Expect lots more hostile rhetoric ahead as Chavez advances new socially democratic plans and programs sure to be denounced in a collective drum beat of distortion and misinformation. They won’t report the National Assembly democratically voted Chavez limited enabling law power for a fixed period after weeks of debate. They won’t explain a fading US democracy with George Bush on his own “executive order” authority giving himself permanent “Unitary Executive power” to suspend the Constitution and declare martial law any time he alone decides a “national emergency” warrants it. They won’t say Congress and the courts allowed him to do it. They won’t ever let on that Chavez governs as a social democrat while George Bush rules by virtual “strongman” decree with no check or balancing restraint on him. Why would they when they won’t ever tell the truth.
Nationalizing Key Industries
On January 8, Hugo Chavez announced plans to renationalize the nation’s “strategic sectors” starting with two large partly US-owned companies. They’re telecom giant Compania Nacional Telefonos de Venezuela (CANTV), 28.5% owned by Verizon Communications, and Electricdad de Caracas (EDC) that’s part of Virginia-based AES Corporation. CANTV is Venezuela’s largest privately-owned company, but it’s not a telephone monopoly.
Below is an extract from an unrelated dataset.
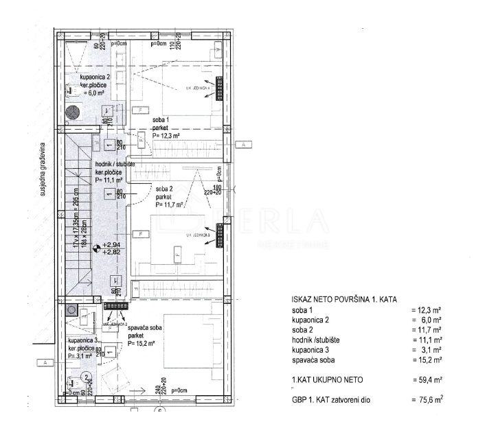 Prvom katu pripadaju hodnik/stubište, 3 spavaće sobe te 2 kupaonice.

Its land lines reach only 11% of the population, with three-fourths of it having none, while its cell phone unit, Movilnet, controls 35% of this larger, more profitable market. It does have internet monopoly power in the country controlling 83% of it that’s enough to block competitors and make for an untenable situation now being rectified.
The situation is similar in the electric power industry with much of it already controlled by two state-owned companies. At a news conference on February 2, Chavez announced “The nationalization of the electrical sector is one of the first laws to be approved (because) it is a necessity….One of the priorities is the nationalization of the electricity. It was a monumental mistake to have it privatized (and now six electricity companies in all will revert to state ownership).”
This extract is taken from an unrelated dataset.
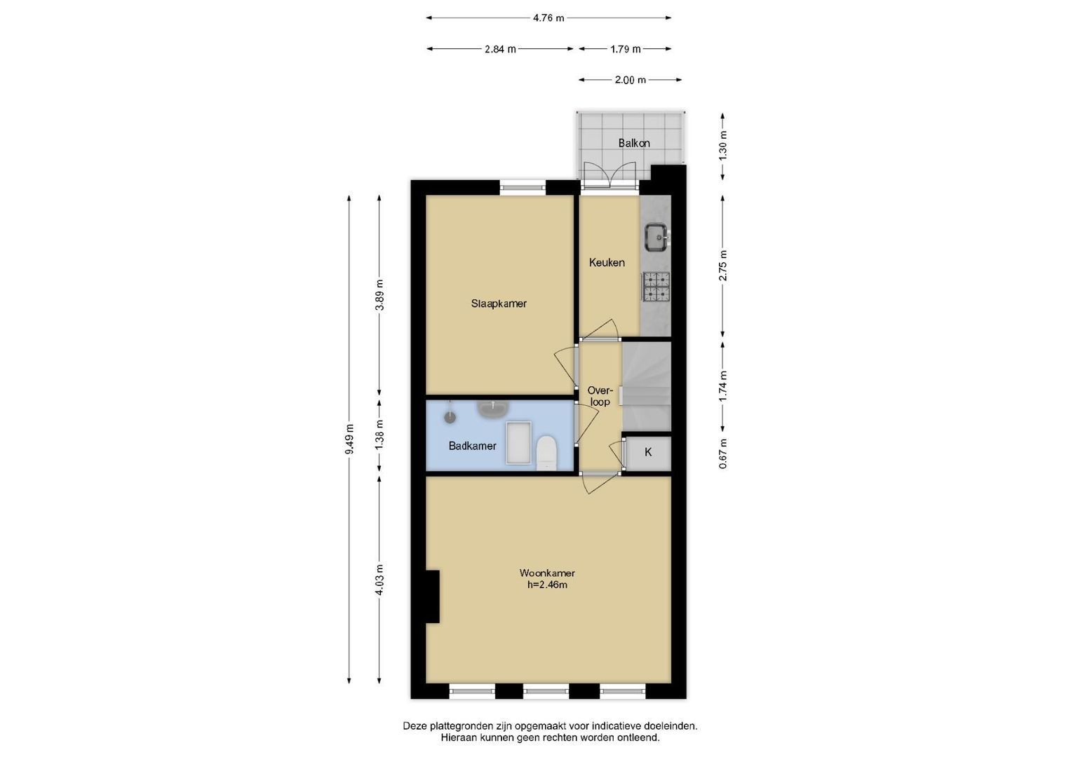 De slaapkamer (ca. 2.84 m x 3.89 m) is ruim opgezet en biedt voldoende plek voor een tweepersoonsbed en kastruimte. De keuken (ca. 2.75 m x 1.79 m) is praktisch ingericht en beschikt over voldoende werk- en opbergruimte. Aangrenzend bevindt zich het balkon (ca. 2.00 m x 1.29 m), waar je heerlijk kunt genieten van de buitenlucht.

Telecommunications Minister Jesse Chacon indicated CANTV will be the only telecommunications company returned to state control, but doing it disrupted Mexican billionaire and richest Latin American Carlos Slim’s plans. Slim controls the Mexican telecommunications company Telmex as its chairman, along with other vast holdings in banking, insurance, technology and much more. Verizon planned to sell him its 28.5% of the company making him even richer, but that’s now off the table with Chavez’s plans to “enrich” the Venezuelan people, not a predatory billionaire tycoon wanting more billions at the expense of the public he got his other billions from.
Venezuelan National Assembly Finance Chairman Ricardo Sanguino said these and other previously-owned state companies will be nationalized with payments for them likely conforming to their fair market value with government input on what that is. Finance Minister Rodrigo Cabezas indicated the country’s oil revenue reserves will be used to compensate shareholders who’ll “receive the fair price for the value of their shares.”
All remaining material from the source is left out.